TASK INSTRUCTIONS:
In the material below, begin at the line that has "under CC BY 4.0", stop after the line that has "(1)升級版玻璃鋼絕緣人字梯不導電,外觀新穎,美觀大方", and transcribe those lines exactly, without pictures.

DATA PROVIDED:

======

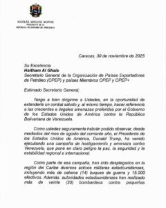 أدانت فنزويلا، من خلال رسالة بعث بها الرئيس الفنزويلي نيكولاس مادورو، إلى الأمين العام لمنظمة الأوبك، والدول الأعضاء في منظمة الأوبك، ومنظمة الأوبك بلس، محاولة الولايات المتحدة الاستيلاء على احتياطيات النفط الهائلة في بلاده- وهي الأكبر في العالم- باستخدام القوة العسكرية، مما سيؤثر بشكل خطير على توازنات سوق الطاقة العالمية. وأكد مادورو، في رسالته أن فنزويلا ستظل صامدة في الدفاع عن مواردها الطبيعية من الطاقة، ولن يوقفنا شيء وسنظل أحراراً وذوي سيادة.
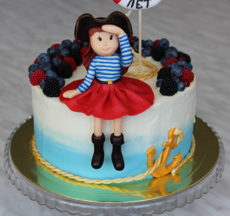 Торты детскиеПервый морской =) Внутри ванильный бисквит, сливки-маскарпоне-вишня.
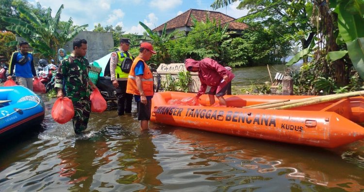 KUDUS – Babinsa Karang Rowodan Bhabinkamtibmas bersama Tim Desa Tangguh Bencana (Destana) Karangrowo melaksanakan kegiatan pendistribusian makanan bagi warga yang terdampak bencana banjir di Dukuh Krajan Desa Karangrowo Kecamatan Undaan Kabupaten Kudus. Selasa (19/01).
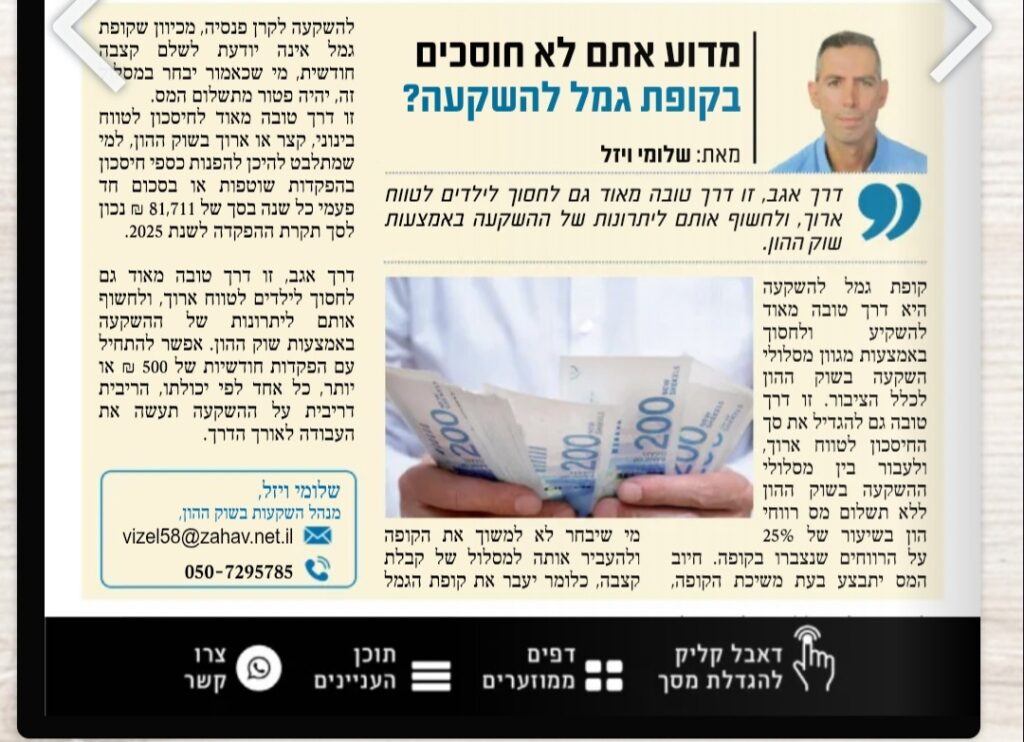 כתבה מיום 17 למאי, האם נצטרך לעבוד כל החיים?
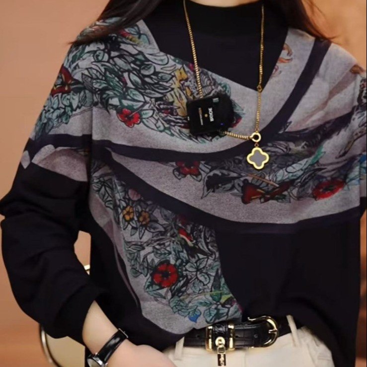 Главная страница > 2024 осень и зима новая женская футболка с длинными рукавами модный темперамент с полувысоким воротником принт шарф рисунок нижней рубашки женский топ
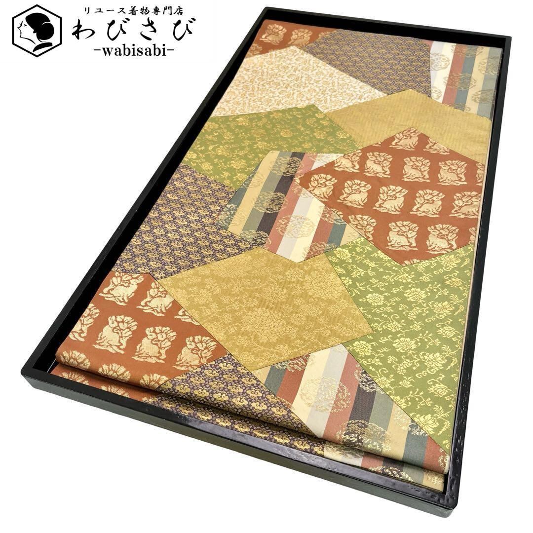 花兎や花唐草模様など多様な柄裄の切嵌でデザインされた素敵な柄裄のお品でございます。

======

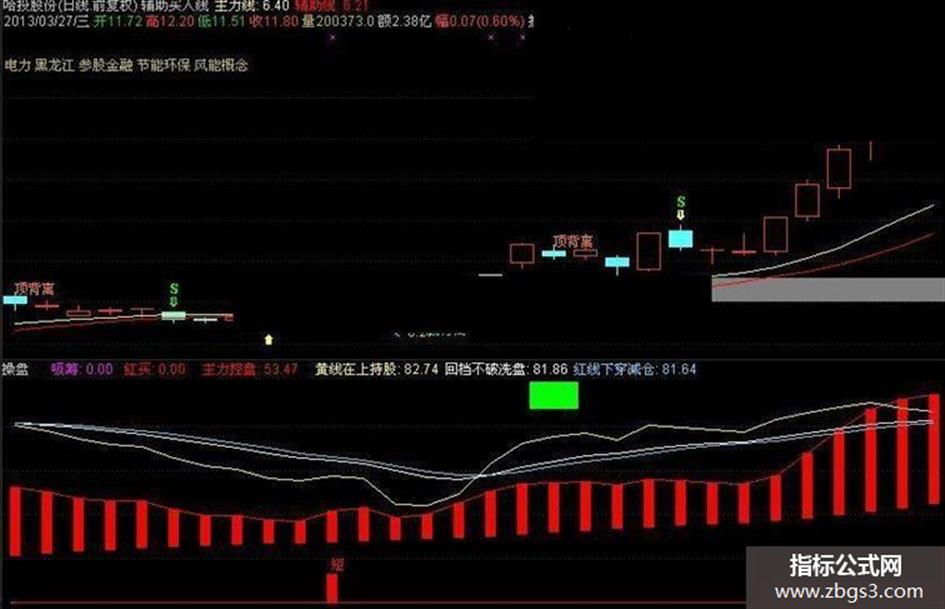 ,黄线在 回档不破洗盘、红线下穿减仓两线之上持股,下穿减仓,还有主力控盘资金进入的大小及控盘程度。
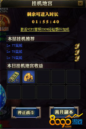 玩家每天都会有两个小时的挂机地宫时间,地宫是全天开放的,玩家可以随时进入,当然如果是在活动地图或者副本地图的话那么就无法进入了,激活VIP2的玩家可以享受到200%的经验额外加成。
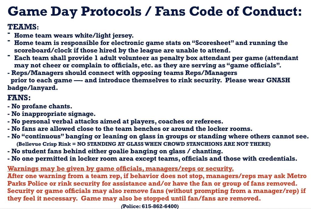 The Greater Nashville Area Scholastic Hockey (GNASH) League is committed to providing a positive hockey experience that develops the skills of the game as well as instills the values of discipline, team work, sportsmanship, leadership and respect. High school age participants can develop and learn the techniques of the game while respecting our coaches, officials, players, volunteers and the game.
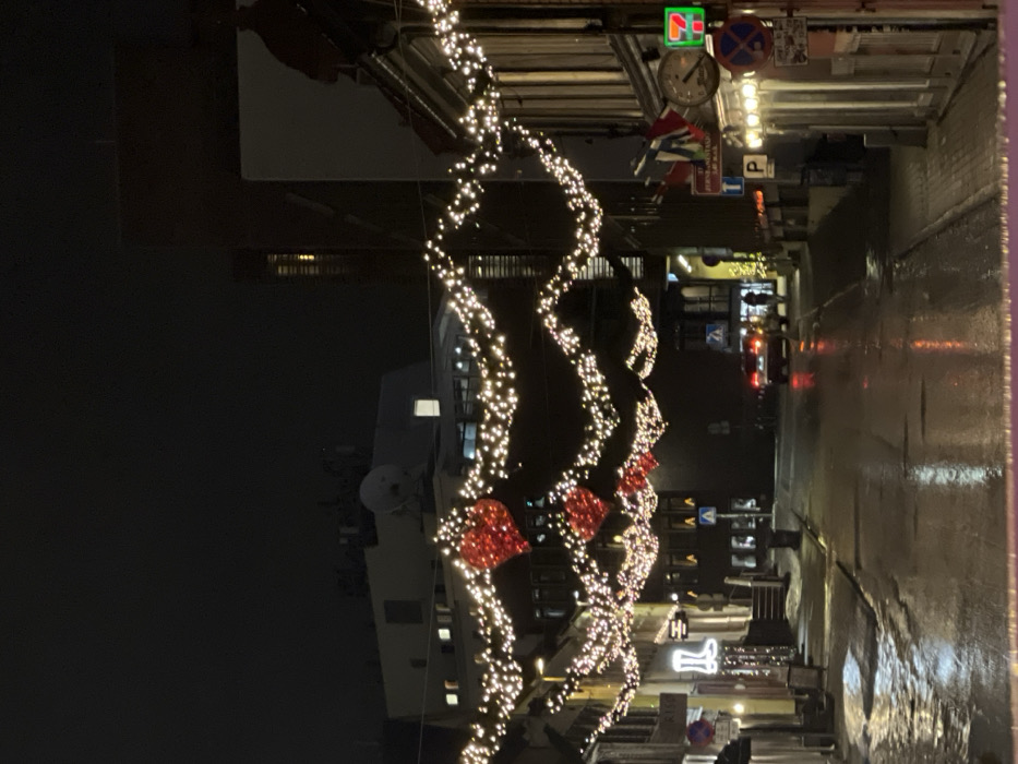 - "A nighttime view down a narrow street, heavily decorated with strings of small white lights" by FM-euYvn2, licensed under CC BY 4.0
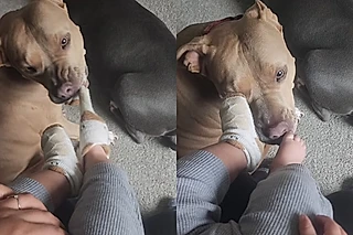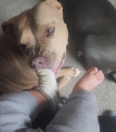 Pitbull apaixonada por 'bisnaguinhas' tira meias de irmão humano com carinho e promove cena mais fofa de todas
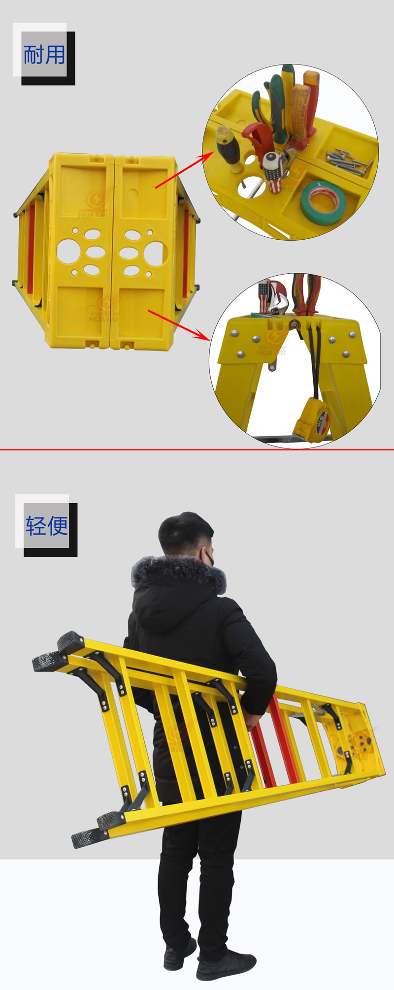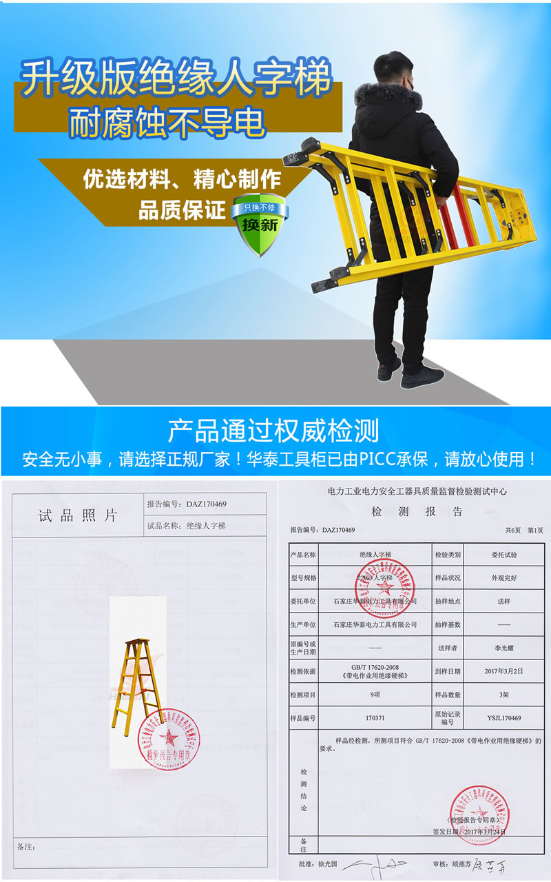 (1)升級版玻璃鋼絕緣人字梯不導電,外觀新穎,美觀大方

======

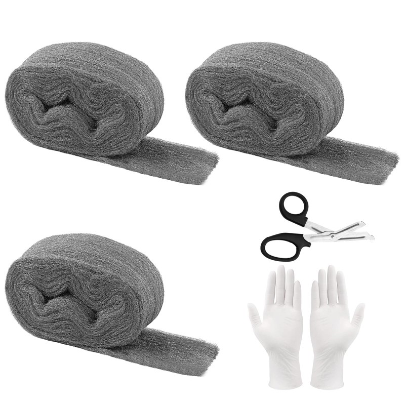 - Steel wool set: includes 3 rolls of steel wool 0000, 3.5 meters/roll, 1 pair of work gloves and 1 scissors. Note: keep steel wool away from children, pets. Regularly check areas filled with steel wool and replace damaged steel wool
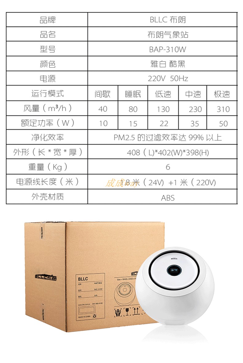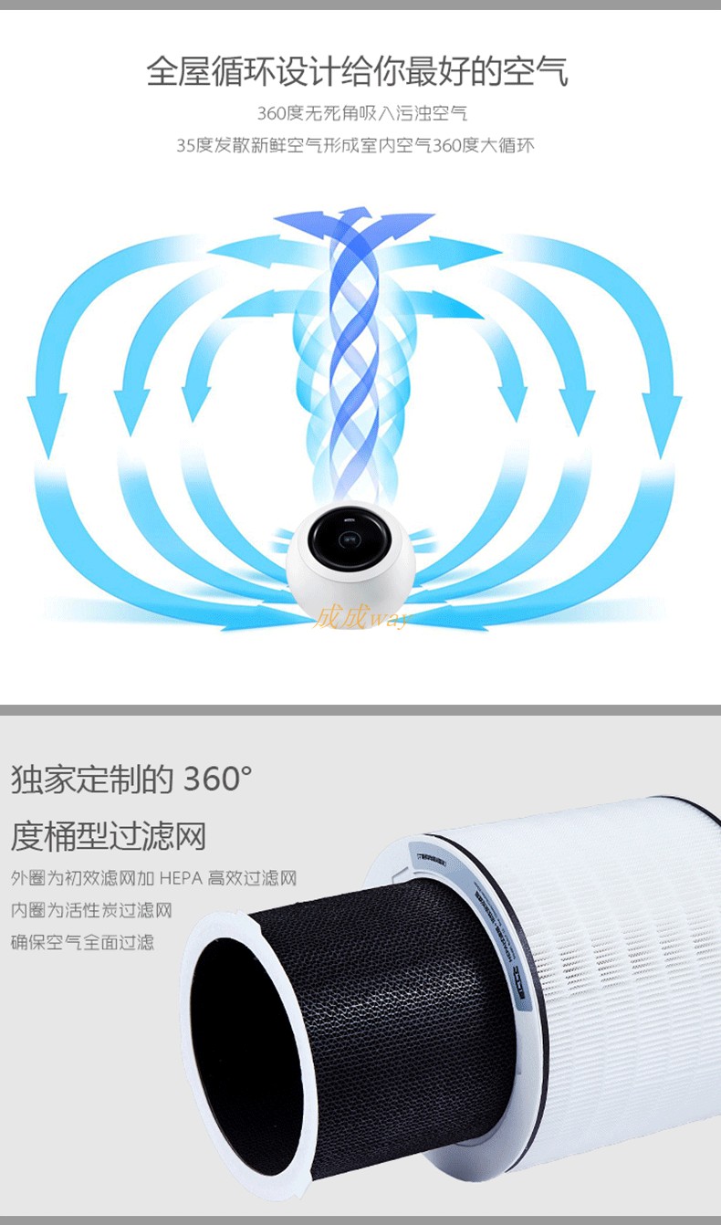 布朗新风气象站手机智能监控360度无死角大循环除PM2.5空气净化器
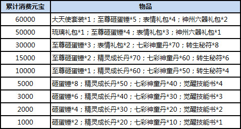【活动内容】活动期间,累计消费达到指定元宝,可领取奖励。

======

EXERCISE SOLUTION:
 - "A nighttime view down a narrow street, heavily decorated with strings of small white lights" by FM-euYvn2, licensed under CC BY 4.0
 Pitbull apaixonada por 'bisnaguinhas' tira meias de irmão humano com carinho e promove cena mais fofa de todas
 (1)升級版玻璃鋼絕緣人字梯不導電,外觀新穎,美觀大方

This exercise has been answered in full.